Recorded data:
######
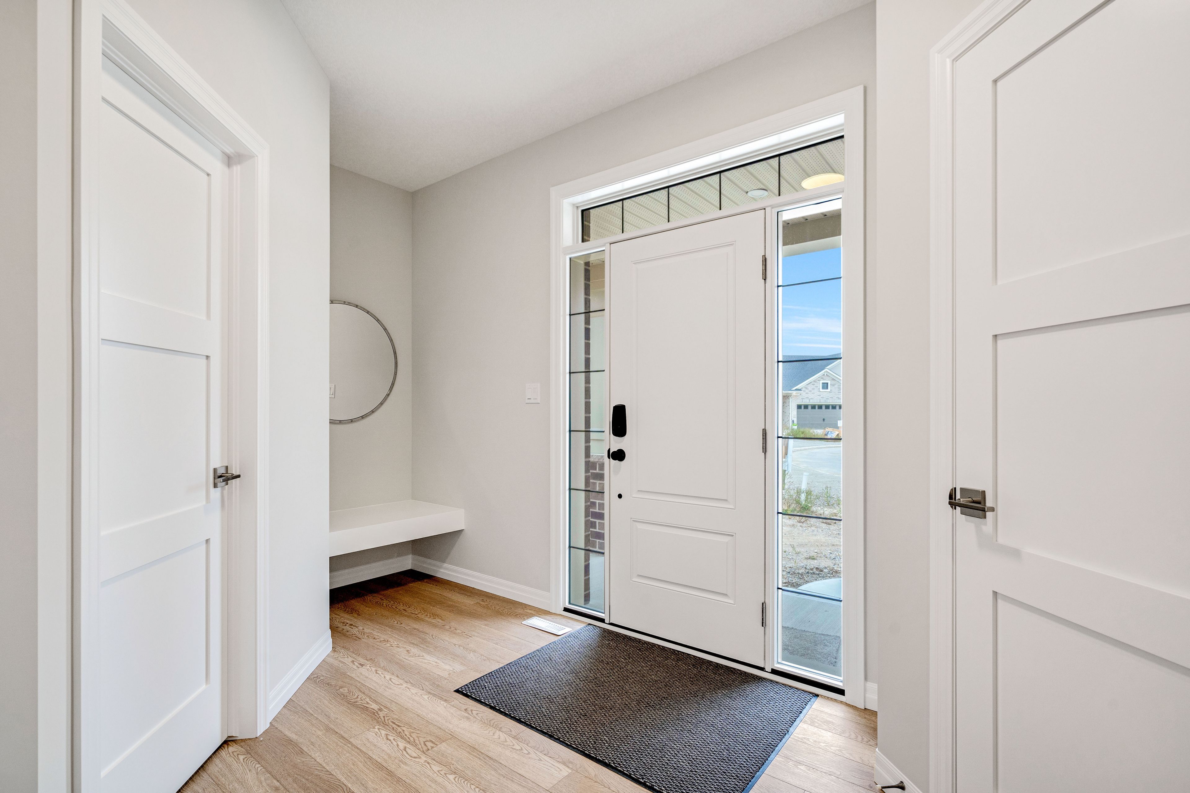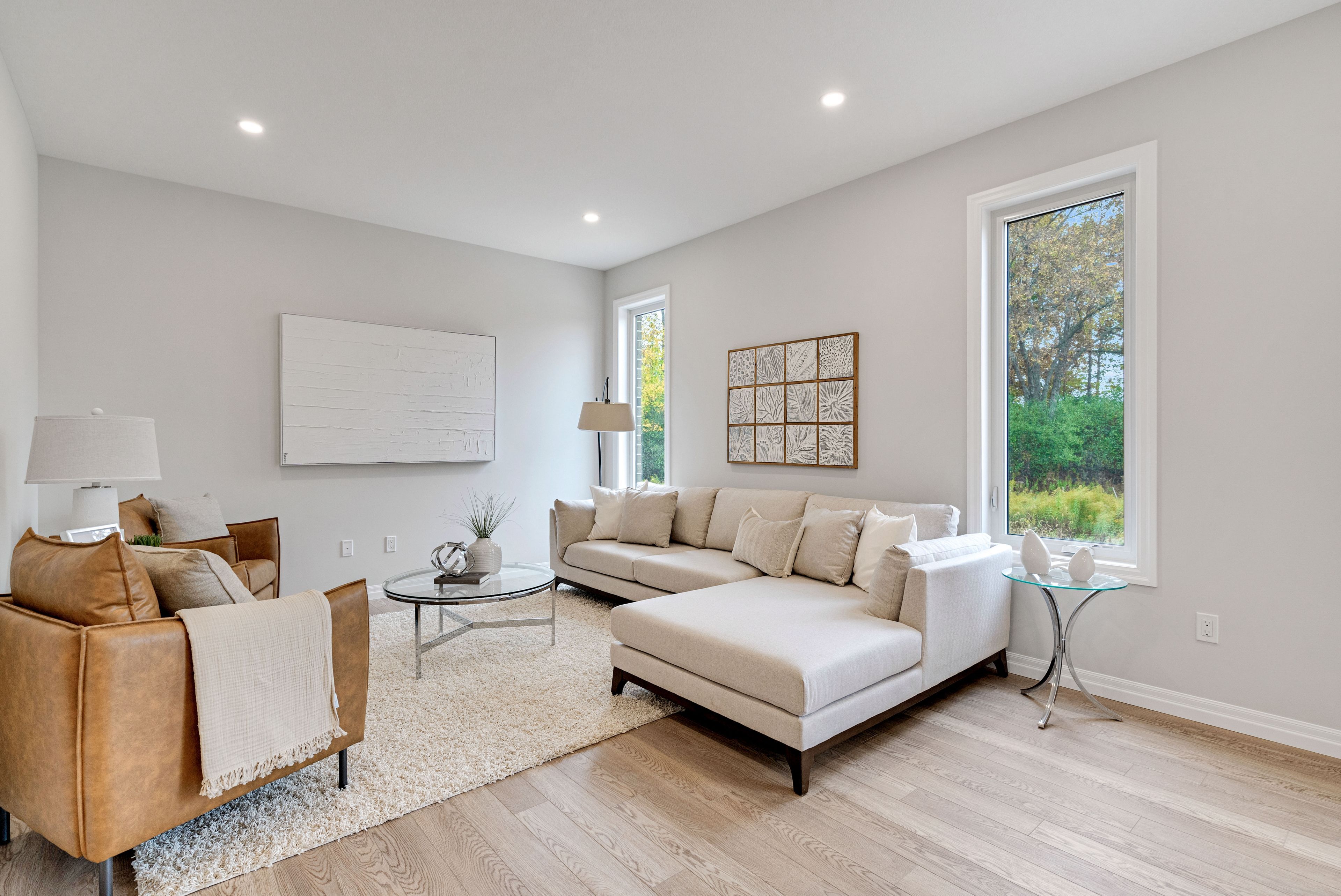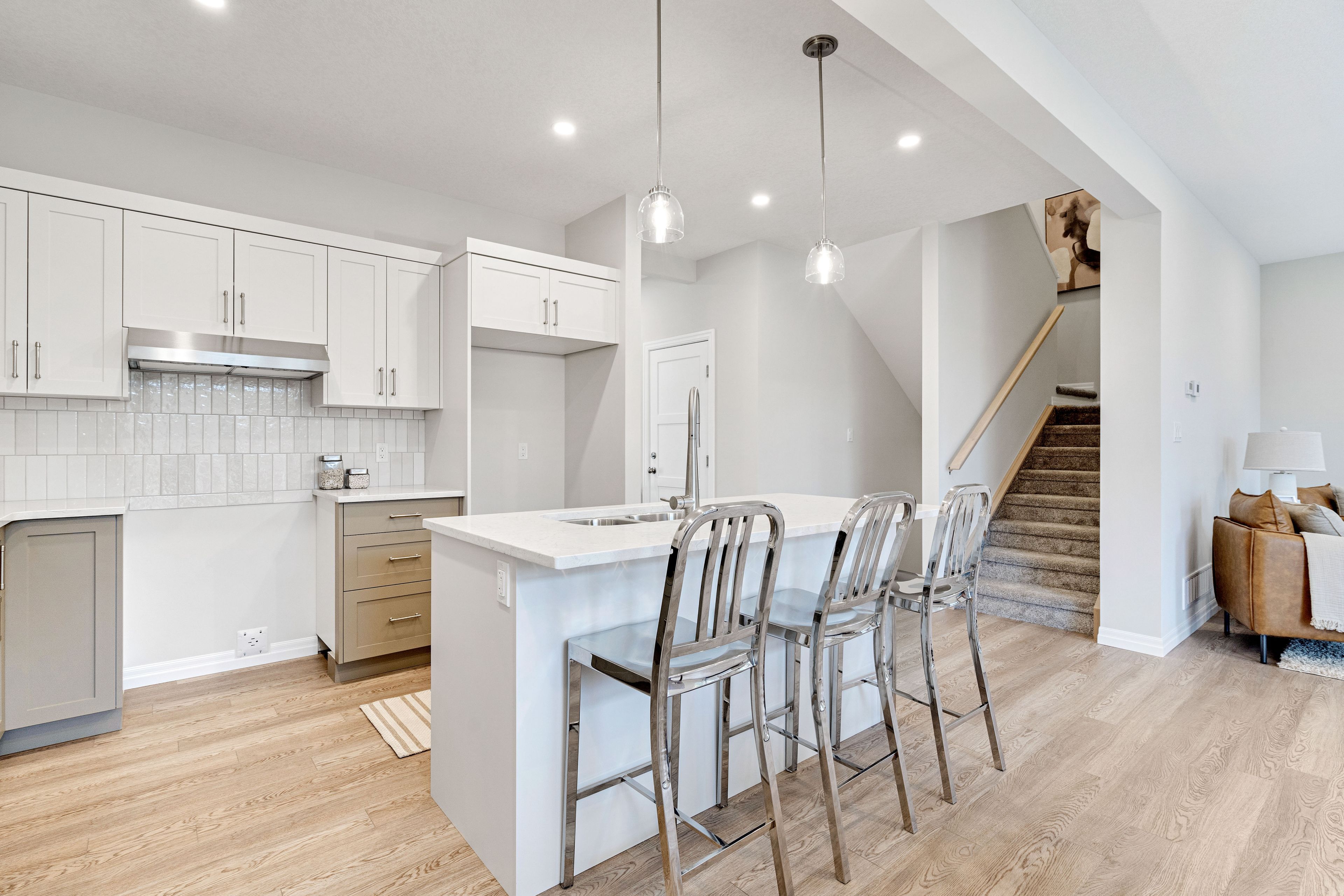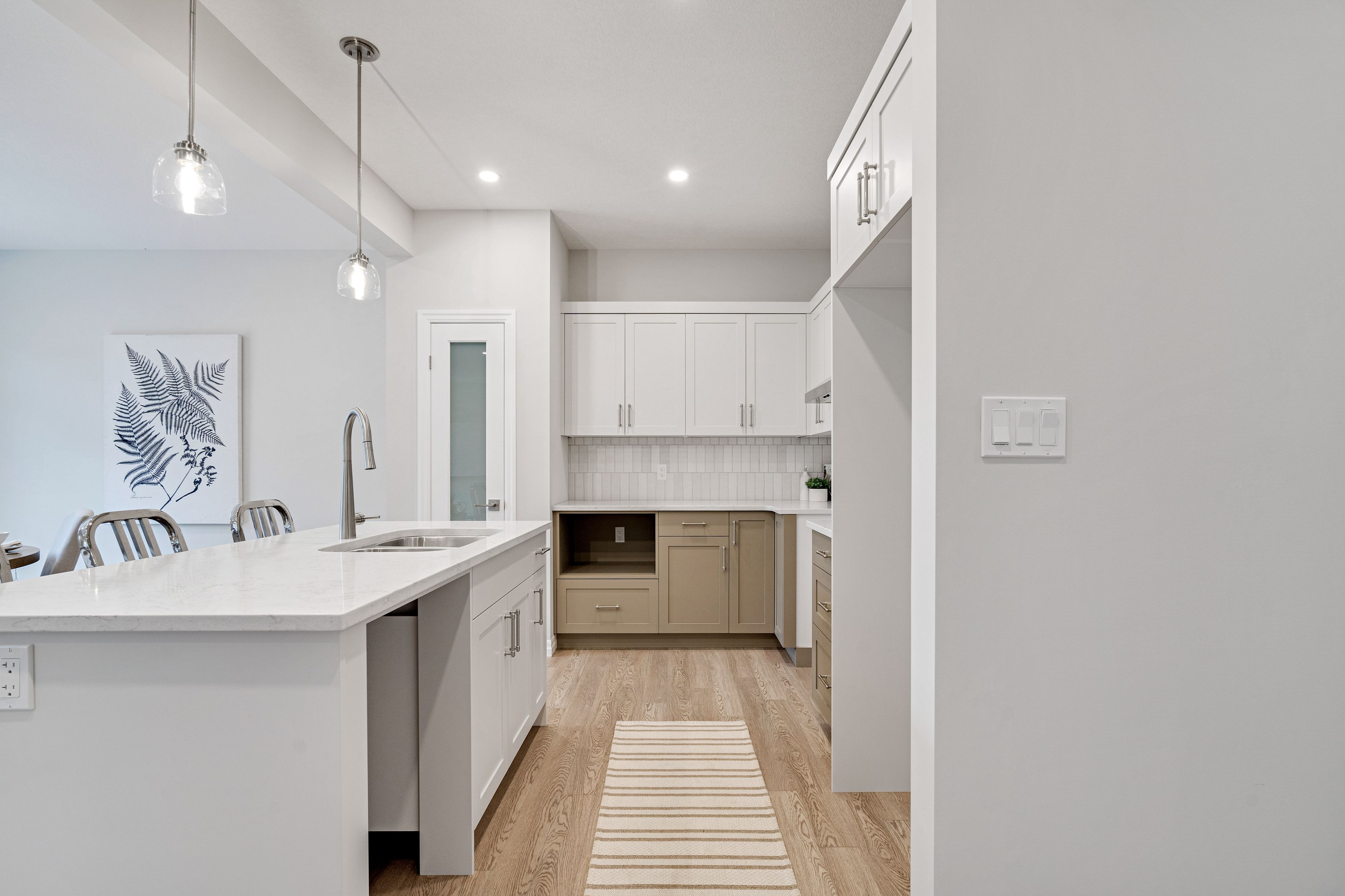 Move-in ready and thoughtfully crafted by hayhoe homes, this beautifully designed 2-storey semi-detached home offers 4 bedrooms, 2. 5 bathrooms, and an attached single-car garage, situated on a large pie-shaped lot at the end of a quiet cul-de-sac in the highly sought-after community of lynhurst heights. The open-concept main floor features 9' ceilings and luxury vinyl plank flooring throughout, with a designer kitchen boasting quartz countertops, tile backsplash, pantry, and a large central island that flows seamlessly into the great room and dining area, where patio doors lead to a rear deck overlooking green space. Upstairs, the spacious primary suite includes a walk-in closet and private 4-piece ensuite with double sinks and a walk-in shower, complemented by three additional bedrooms, a full bathroom, and a convenient second-floor laundry closet for stacked washer/dryer units. The unfinished basement offers excellent development potential for a future family room and additional bathroom. Additional highlights include a covered front porch, central air, hrv system, tarion new home warranty, and numerous upgrades throughout. Taxes to be assessed.
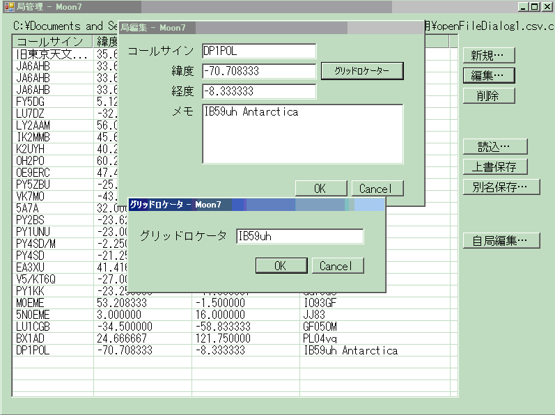 メイン画面のウィンドウから局管理を選び自局・相手局の必要データを整える。 グリッドロケーターを緯度経度に自動変換してくれる。
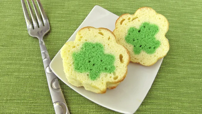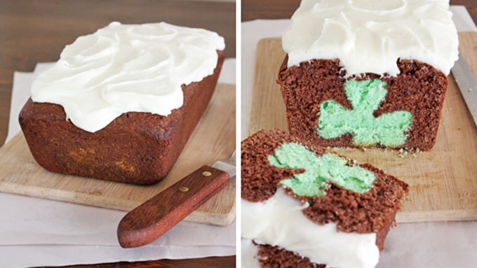 - Dude, there’s a shamrock in your pound cake. It ain’t no luck of the Irish – there is, in fact, a shamrock hiding inside this mint-chocolate flavored pound cake. And if you follow these directions below, you can make it happen. Oh yes. Firstly, make sure you have all the ingredients you need to make this cake. It’s a wee time consuming, so the last thing you want to encounter is a missing egg or a lack of milk. Also, some of the ingredients need to be at room temperature, so be sure to leave those out for a few hours ahead of time. Wow your friends and fellow St. Patrick’s Day revelers with this snazzy cake magic. It’s the next best thing to getting a pot of gold at the end of a rainbow. Mmm, cake!
######
Directions: Would you set down, word for word, the lines running from the one that contains "メイン画面のウィンドウから局" to the last line of the material, omitting all pictures?

Worked solution:
 メイン画面のウィンドウから局管理を選び自局・相手局の必要データを整える。 グリッドロケーターを緯度経度に自動変換してくれる。
 - Dude, there’s a shamrock in your pound cake. It ain’t no luck of the Irish – there is, in fact, a shamrock hiding inside this mint-chocolate flavored pound cake. And if you follow these directions below, you can make it happen. Oh yes. Firstly, make sure you have all the ingredients you need to make this cake. It’s a wee time consuming, so the last thing you want to encounter is a missing egg or a lack of milk. Also, some of the ingredients need to be at room temperature, so be sure to leave those out for a few hours ahead of time. Wow your friends and fellow St. Patrick’s Day revelers with this snazzy cake magic. It’s the next best thing to getting a pot of gold at the end of a rainbow. Mmm, cake!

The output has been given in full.